I start optixHello as follows:

./bin/optixHello --file ./optix_hello_output.ppm

I hope this information will help you to replicate the problem. One more note: I connect to the server via ssh, and openGL rendering doesn’t work for me. That’s why I use direct output to PPM.
Please write me if you need any other details.

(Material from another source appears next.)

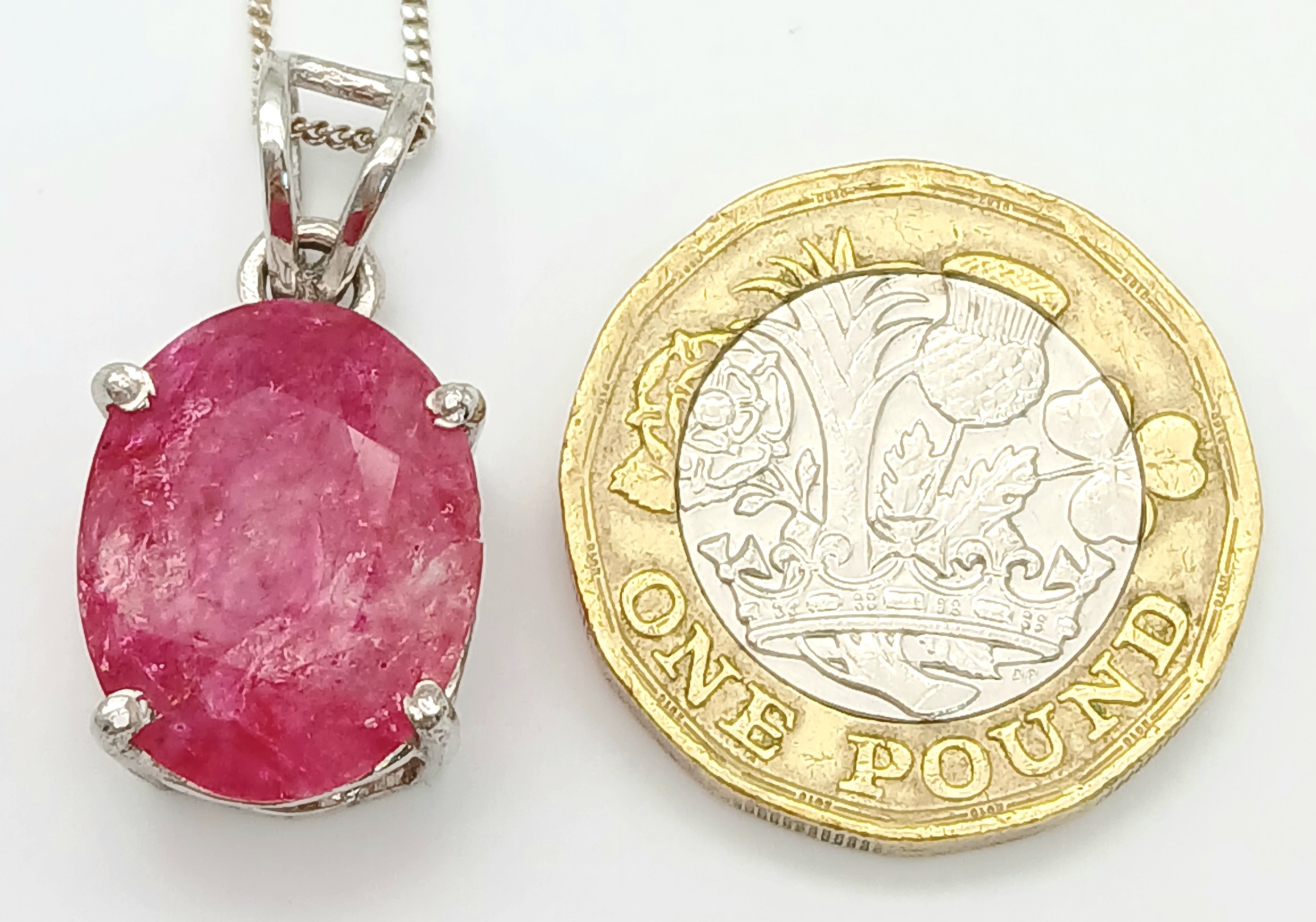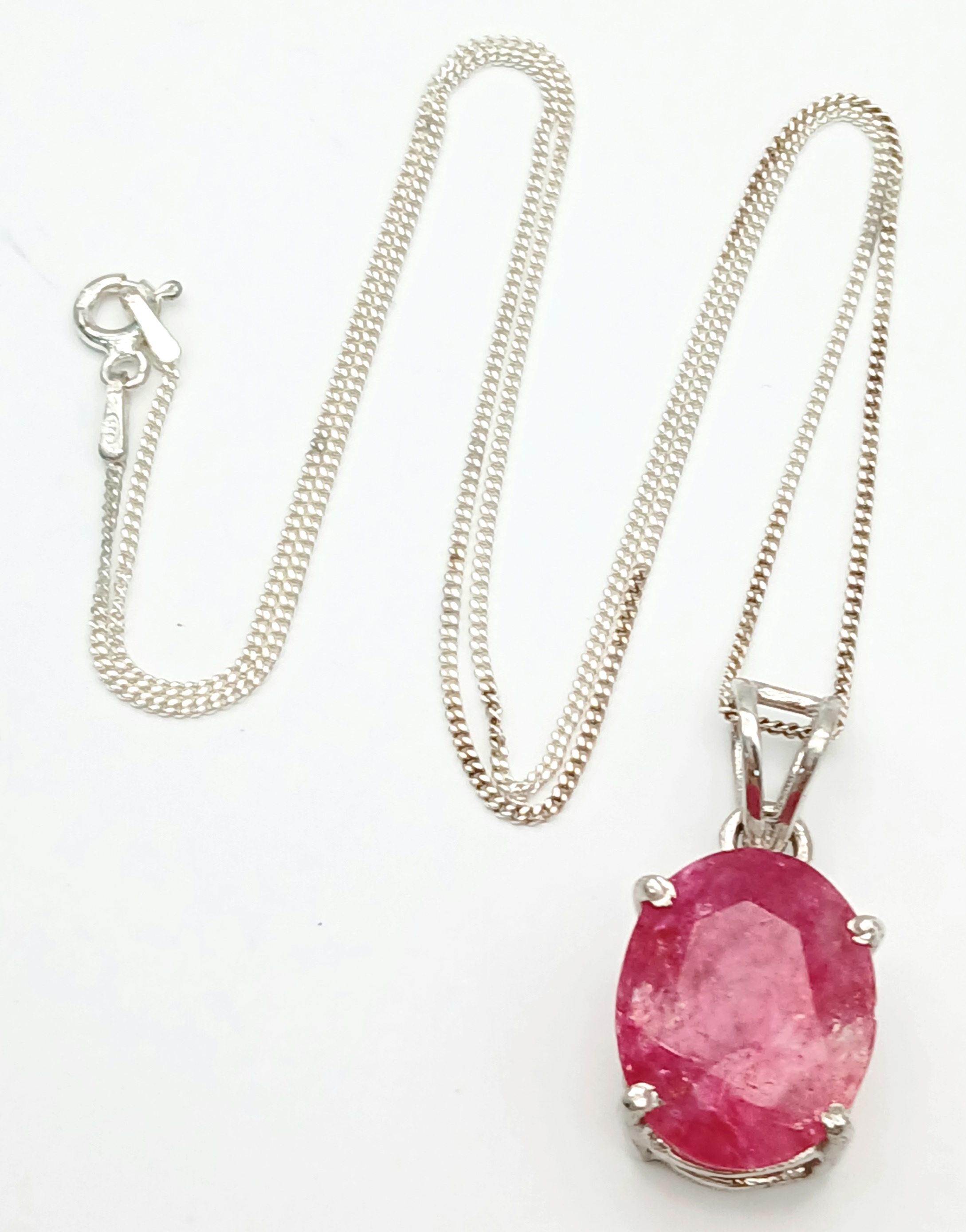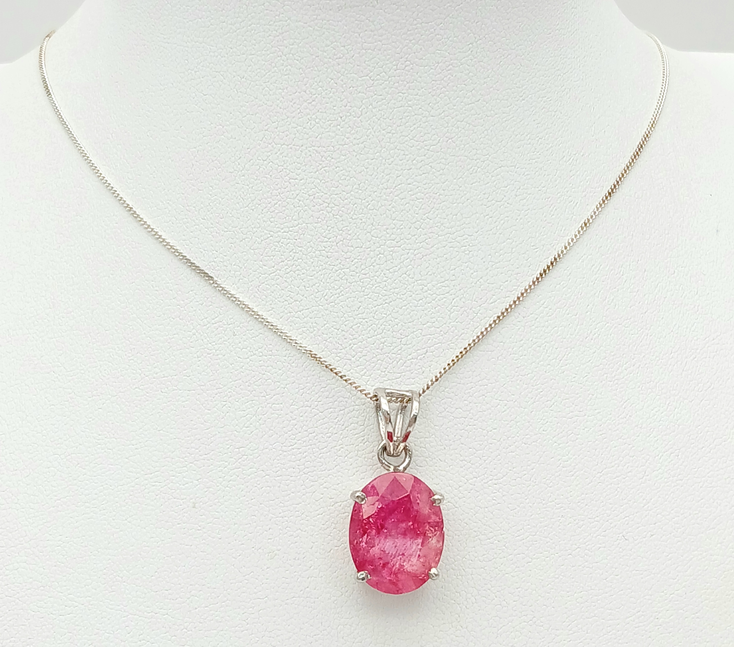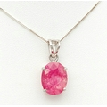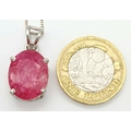 A Certificated Sterling Silver and 11 Carat Ruby Pendant Necklace-46cm Length Chain. The Pendant is set with a 15 x 12 x 8mm Oval Cut Ruby. Gross Weight 5.71 Grams. Comes with a Certificate of Authenticity.

Thank you for the help on porting to OptiX 7! Since it works perfectly well on A100 GPU, we decided to go for it (in fact, that’s why it took me quite some time to reply to you).

Kind redards,
Pavel

droettger · August 12, 2021, 4:29pm

Ok, you never mentioned that this was a multi-GPU related issue. That’s why system configuration information are crucial for all reported issues.
There are 64x8 size blocks rendered and 64x56 size blocks missing in your optix_sphere.ppm, which looks like 7 of the 8 GPUs are not correctly read back.
I’ll add that information to the bug report.